Bei  der Auswahl der richtigen Komponenten scheitert es gerade da wir uns  nicht ganz sicher sind, was Managed Switches und VLANs können.
Aktuelle Situation: 5 eigenständige WLAN Giga Cubes, ca 15 Anwender die sich je nach WLAN Empfang irgendwo drauf verbinden.

 Die Idee:
 In jedes der Büros einen Giga Cube als Gateway&DHCP-Server und  ein Switch. Das hat den Vorteil der Internettraffic wird etwas verteilt.
Allerdings sollen alle auf ein NAS und einen Drucker zugreifen können.
Lässt sich das mit Managed Switches realisieren?
Hättet ihr eine bessere Idee bzw Konfiguration für uns?

 Switch Büro 1:
Port 1: Rechner 1  (VLAN1)
Port 2: Rechner 2  (VLAN1)
Port 3: Giga Cube  (ist DHCP im VLAN1)
Port 4: 
Port 5: Serveraum
 Switch Büro 2:
Port 1: Rechner 1  (VLAN2)
Port 2: Rechner 2  (VLAN2)
Port 3: Giga Cube  (ist DHCP im VLAN2)
Port 4: frei
Port 5: Serveraum

 Switch Büro 3:
Port 1: Rechner 1  (VLAN3)
Port 2: Rechner 2  (VLAN3)
Port 3: Giga Cube  (ist DHCP im VLAN3)
Port 4: 
Port 5: Serveraum

 Switch Serveraum:
Port 1: Drucker
Port 2: NAS
Port 3: Büro 3
Port 4: Büro 1
Port 5: Büro 2

 Würden uns über Tipps und Hinweise freuen.
 Besten Dank schonmal
 toto


----------



## Thomas_v2.1 (24 Januar 2019)

Ein "Managed Switch" kann alles von - bis sein, einige können auch Routing-Funktionalität übernehmen.
Wenn die 3 Büro-Netzwerke zwingend voneinander getrennt sein müssen, wird das so vermutlich nicht oder nicht ganz einfach funktionieren.

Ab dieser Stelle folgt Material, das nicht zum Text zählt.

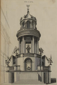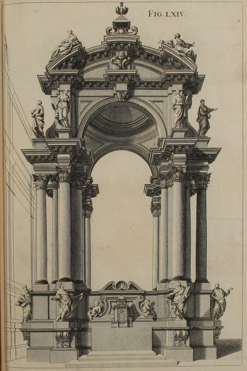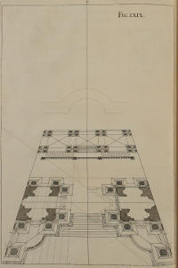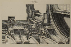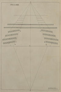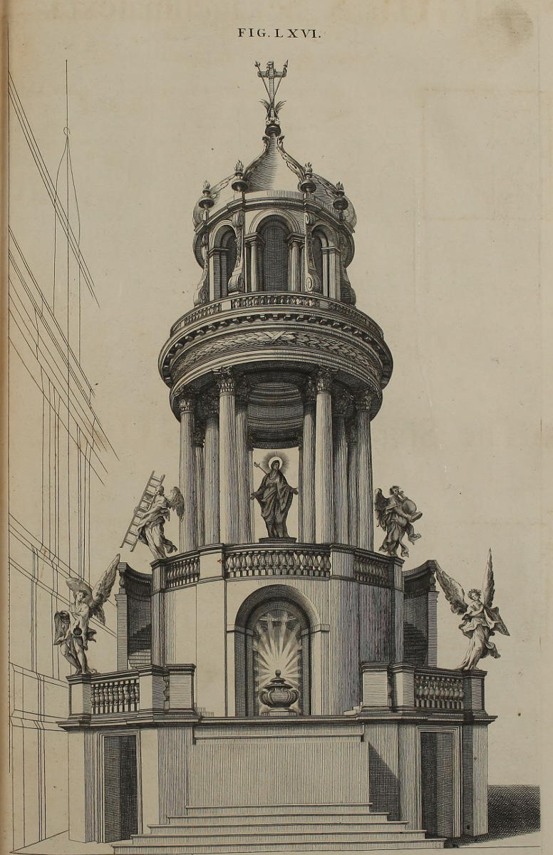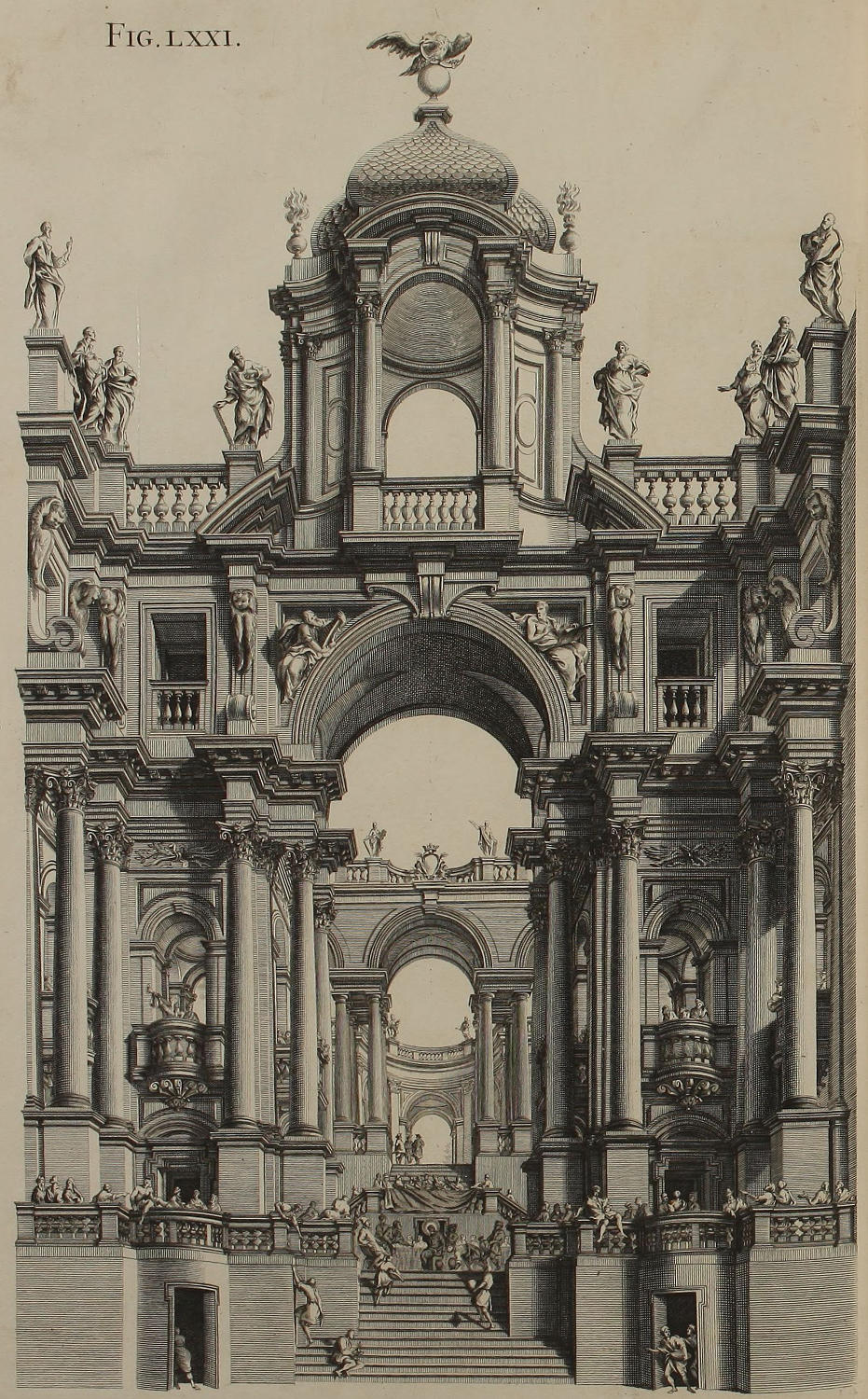 The Manner of Designing, where the Perspective is drawn on several Ranges of Frames one behind the other, and such Scenes of Theaters whose Grooves lie oblique to the middle Line, is also here laid down: And by our Author’s Method, Horizontal Perspective, or that of Ceilings, is render’d less difficult than the Vertical, or that against an upright Wall. Upon the whole, nothing seems wanting that may make a Work of this nature complete; unless what concerns Designs which are either Circular, or abound with many Columns: For the Performance whereof, the Author, as he promises in the Sixty-fifth Figure, has, in a SECOND Volume, given a Rule more proper for the purpose; which also may possibly be made English in due time, if this Part meet with Encouragement.

Ich würde es vermutlich so lösen:
Einen einzigen Router oder Switch mit Routing-Funktionalität im Serverraum einbauen. An diesem richtest du 3 WAN-Schnittstellen mit den 3 angeschlossenen Giga Cubes ein. Dein Drucker/Nas-Netzwerk ist quasi ein viertes Netzwerk / VLAN, würde ich in Art einer DMZ konfigurieren. Der Router macht dann den DHCP-Server für die 3 Büro Netze, und leitet Anfragen an Drucker oder NAS in das DMZ-Netzwerk, und alles andere geht dann über die WAN-Schnittstelle raus.
VLAN benötigst du in dem Fall nicht unbedingt, sondern konfigurierst alles über Netzwerke, Routing-Tabellen und Access-Listen im Router. Alle anderen Switche können dann auch unmanaged sein.
Wenn viel Spieltrieb herrscht, kannst du im Router auch noch Load-Balancing und solche Spielereien konfigurieren.


----------